The challenge for us, as coaches, consultants, and supervisors, is to attune to their thoughts, feelings, sensations, needs, abilities, culture, and in fact…developmental level.
By “tuning” into the other adult’s perspective, we have greater success in choosing strategies that prevent behaviors that challenge us (e.g., defensiveness, pushback, rigidity), promote emotional intelligence, and meet everyone’s three basic needs.
Click here for the transcript from the audio file conversation.
Top 10 take-away tips from the strategies discussed during our conversation.
- Sometimes our job is morphed into a habit and that habit is worrying about other people's habits. ~ Inspired by fellow #ECE {r}evolutionary, Lisa Leslie
- We call upon compassion, loving kindness, and non-judgment to help us remain in an open, receptive state of mind.
- It's not just the children that are having the challenging behavior that is the issue. It's also how we relate to that behavior that matters.
- Borrowing from Dr. Dan Siegel, one of the “mind methods” we have to change is learning how to harness the power of attention and to create choice. Shift your attention inward and notice what you are thinking, feeling, perceiving, believing, sensing...this is harnessing the power of intrapersonal attunement.
- It's brain hygiene: pause to notice, and name to tame your emotions. When you pause to tune into what you are thinking, you can learn to respond versus react. Acknowledging the emotions helps you release them and make choices about how to respond.
- Time well spent is time necessarily spent, and it's not just giving false praise or coddling people. It's really understanding that by our actions, we’re helping people stay in the "green zone".

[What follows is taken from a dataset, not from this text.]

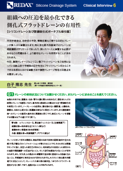 膵液瘻のリスクを伴うPD(膵腸十二指腸切除術)の術後管理にJPタイプドレーン フラットプラスを使用し、“抜去も交換もせずにただ待つだけで治癒する”ことが示されています。

- It's not looking at it as “Pollyanna” or positive thinking. It's looking at it from a brain perspective, asking people to change their mental models, their understanding perhaps of how to engage with adults and how to engage with children.
- There's no shortcut to brain changes. We have these mind methods of tuning in, to move us from activation to installation...to be able to keep our upstairs and downstairs brain connected so we respond versus react.
- Unfortunately when most of us tend to start look inward, we criticize, so be sure to look inward with compassion, loving- kindness, and non-judgment.
- When safety, satisfaction, and connection needs are met we tend toward a mental state of peace, contentment, and love. When they aren’t met, we tend to shift toward fear, frustration, and heartache.